Task objective.
Output, word for word, the line that contains "ESR iPad キーボードケース" and all lines following it to the end of the listing. Drop the pictures.

Extracted information.
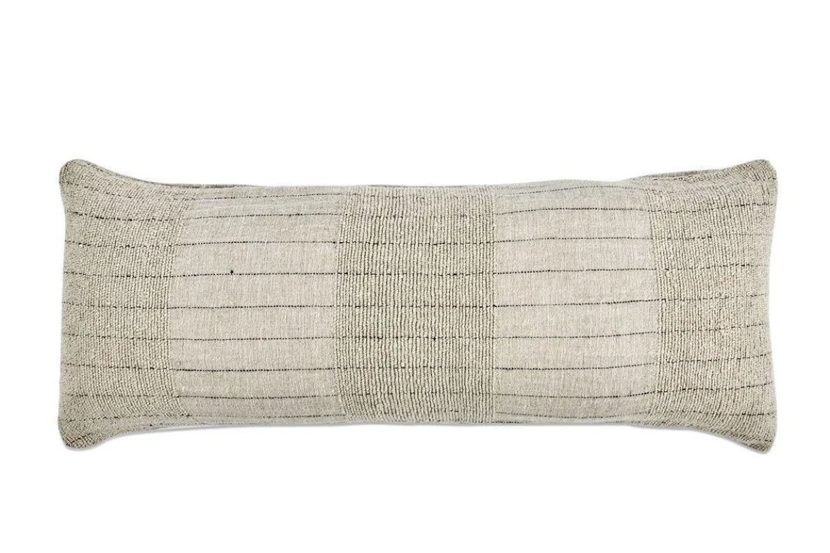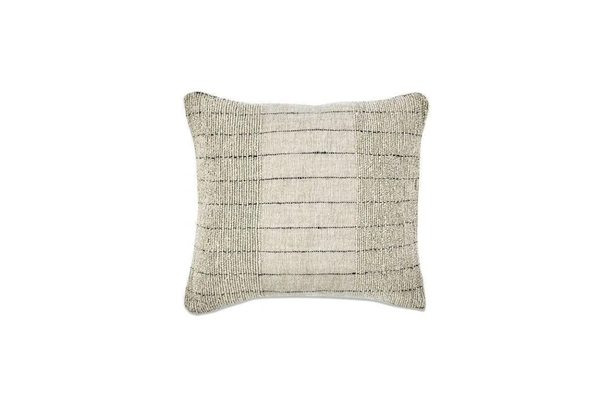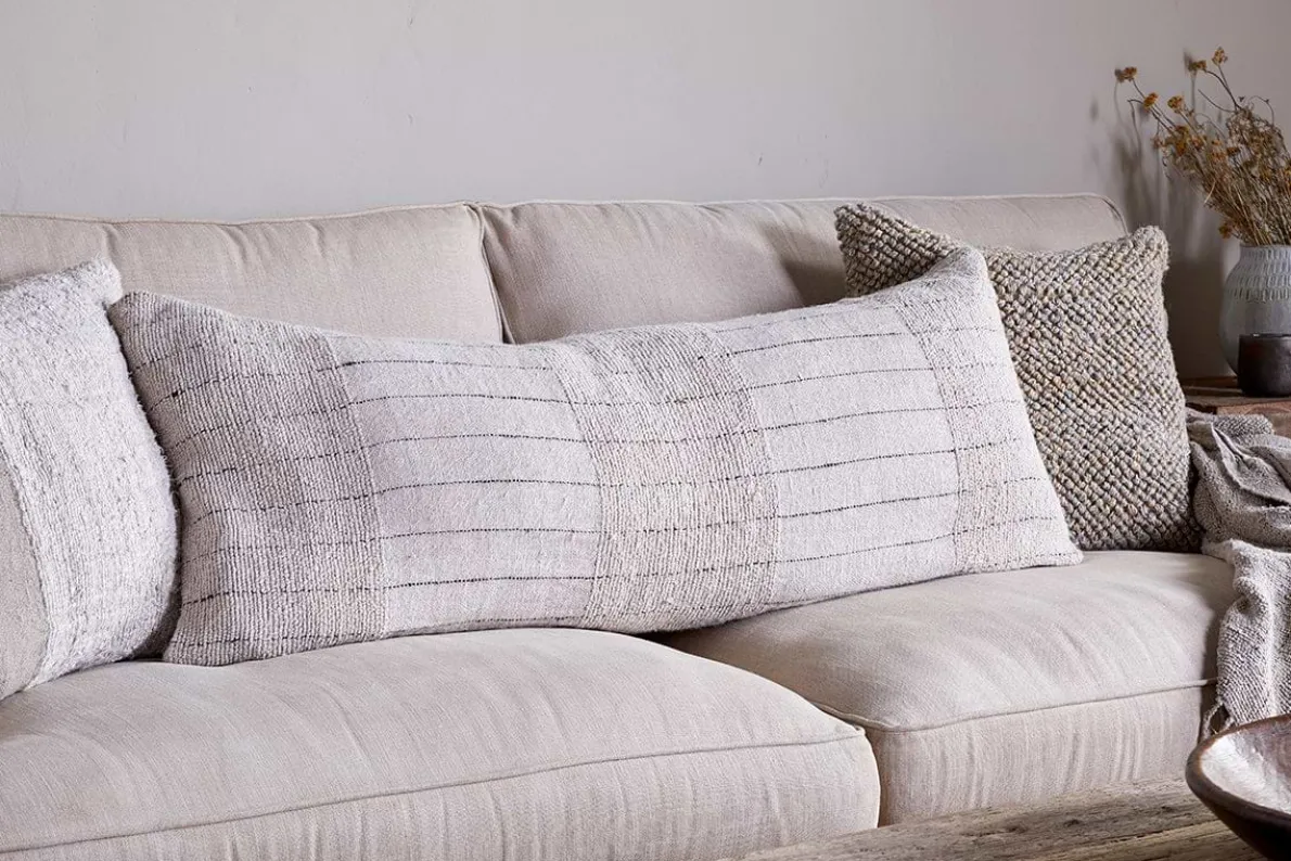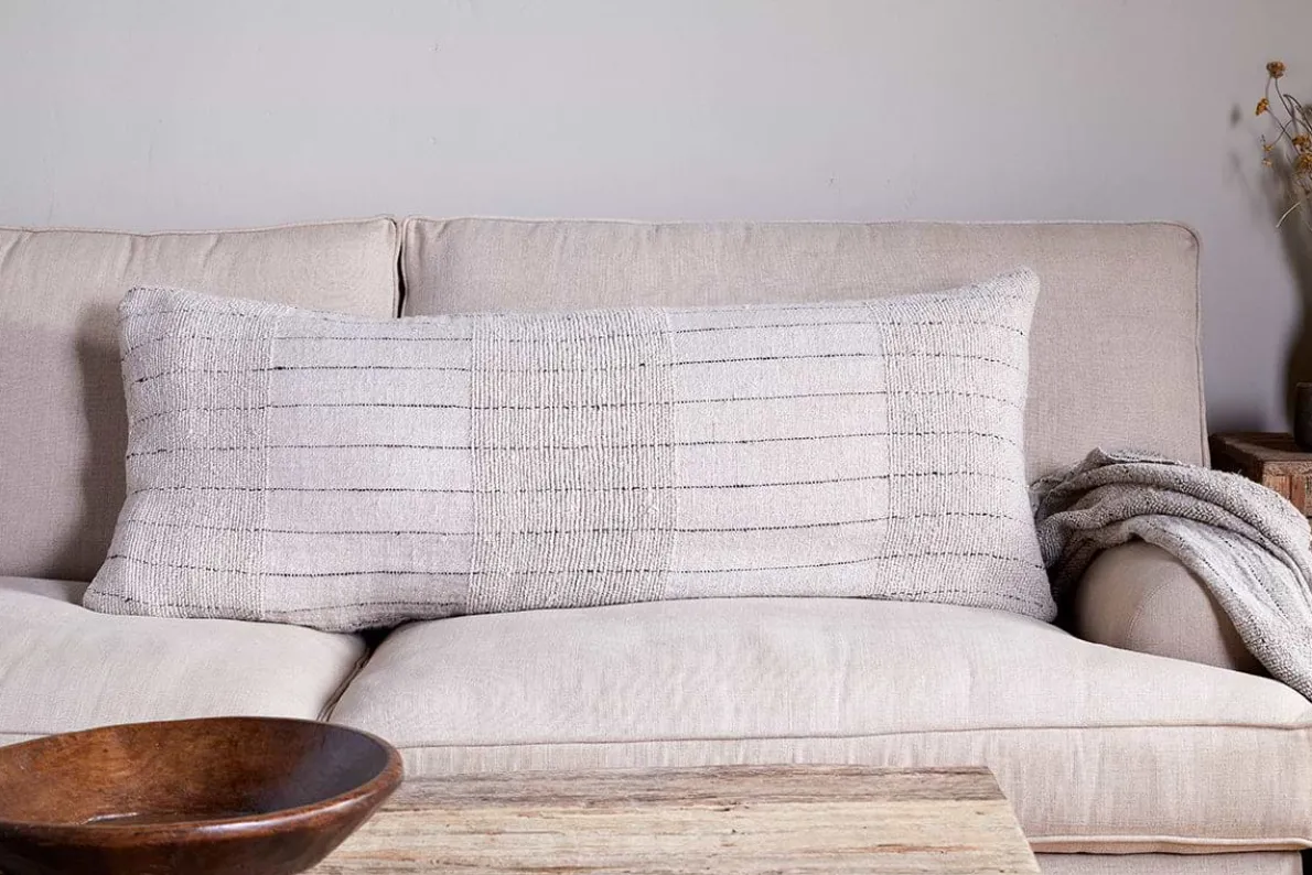 Our Mayla cushion covers are handwoven from a linen and a touch of cotton, in a laid back design and texture. The neutral tones are enhanced with a series of simple hand stitched black lines creating a subtle pattern. Style with our home furnishings. Pair with our Mayla throw.Our feather cushion inners will accompany your cushion cover perfectly. Please note, the size of the cushion inner will display slightly larger than our cushion covers to allow for a plump finish when put together.
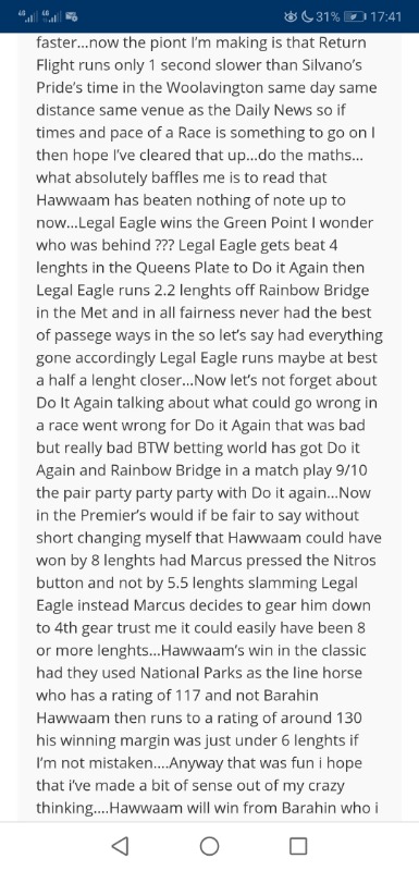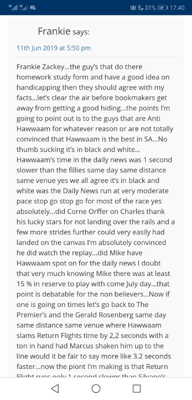 the guy’s that do their homework study form and have a good idea on handicapping then they should agree with my facts…let’s clear the air before bookmakers get away from getting a good hiding…the points I’m going to point out is to the guys that are Anti Hawwaam for whatever reason or are not totally convinced that Hawwaam is the best in SA…No thumb sucking it’s in black and white… Hawwaam’s time in the daily news was 1 second slower than the fillies same day same distance same venue yes we all agree it’s in black and white was the Daily News run at very moderate pace stop go stop go for most of the race yes absolutely…did Corne Orffer on Charles thank his lucky stars for not landing over the rails and a few more strides further could very easily had landed on the canvas I’m absolutely convinced he did watch the replay…did Mike have Hawwaam spot on for the daily news I doubt that very much knowing Mike there was at least 15 % in reserve to play with come July day…that point is debatable for the non-believers…Now if one is going on times let’s go back to The Premier’s and the Gerald Rosenberg same day same distance same venue where Hawwaam slams Return Flights time by 2,2 seconds with a ton in hand had Marcus shaken him up to the line would it be fair to say more like 3.2 seconds faster…now the point I’m making is that Return Flight runs only 1 second slower than Silvano’s Pride’s time in the Woolavington same day same distance same venue as the Daily News so if times and pace of a Race is something to go on I then hope I’ve cleared that up…do the maths…what absolutely baffles me is to read that Hawwaam has beaten nothing of note up to now…Legal Eagle wins the Green Point I wonder who was behind ??? Legal Eagle gets beat 4 lengths in the Queens Plate to Do it Again then Legal Eagle runs 2.2 lengths off Rainbow Bridge in the Met and in all fairness never had the best of passage ways in the so let’s say had everything gone accordingly Legal Eagle runs maybe at best a half a length closer…Now let’s not forget about Do It Again talking about what could go wrong in a race went wrong for Do it Again that was bad but really bad BTW betting world has got Do it Again and Rainbow Bridge in a match play 9/10 the pair party party party with Do it again…Now in the Premier’s would it be fair to say without short changing myself that Hawwaam could have won by 8 lengths had Marcus pressed the Nitros button and not by 5.5 lengths slamming Legal Eagle instead Marcus decides to gear him down to 4th gear trust me it could easily have been 8 or more lengths…Hawwaam’s win in the classic had they used National Parks as the line horse who has a rating of 117 and not Barahin Hawwaam then runs to a rating of around 130 his winning margin was just under 6 lengths if I’m not mistaken….Anyway that was fun I hope that I’ve made a bit of sense out of my crazy thinking….Hawwaam will win from Barahin who I personally think is much better than a 112 rating that’s just my personal opinion I say his true ability rating is around 120…
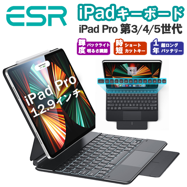 ESR iPad キーボードケース iPad Pro12.9 (2022/2021/2020/2018) 第3/4/5/6世代 磁気吸着 Pencil2対応 シルク手触り バックライト レビュー投稿 100日保証
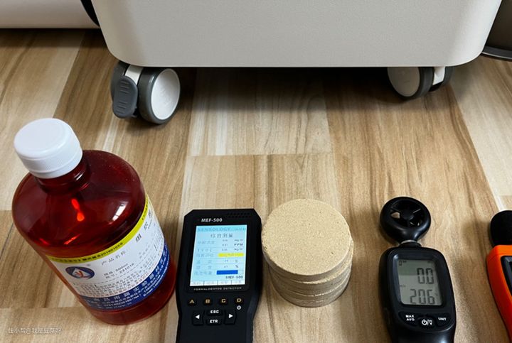 在净化效果评测这块,我分两部分进行,一方面用福尔马林溶液测试5款空气净化器的除甲醛+吸附TVOC的效果。另一方面用烟饼测试5款空气净化器过滤空气中的微小颗粒物的效果。
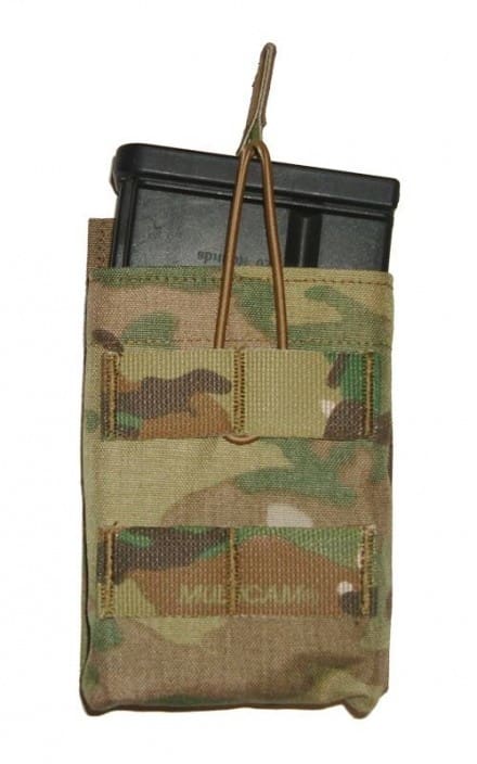 The HK417 Single Mag Pouch, Open Top incorporates an adjustable shock cord retention system. The front of the pouch has two rows of MOLLE webbing to attach additional pouches.

Answer to this task.
 ESR iPad キーボードケース iPad Pro12.9 (2022/2021/2020/2018) 第3/4/5/6世代 磁気吸着 Pencil2対応 シルク手触り バックライト レビュー投稿 100日保証
 在净化效果评测这块,我分两部分进行,一方面用福尔马林溶液测试5款空气净化器的除甲醛+吸附TVOC的效果。另一方面用烟饼测试5款空气净化器过滤空气中的微小颗粒物的效果。
 The HK417 Single Mag Pouch, Open Top incorporates an adjustable shock cord retention system. The front of the pouch has two rows of MOLLE webbing to attach additional pouches.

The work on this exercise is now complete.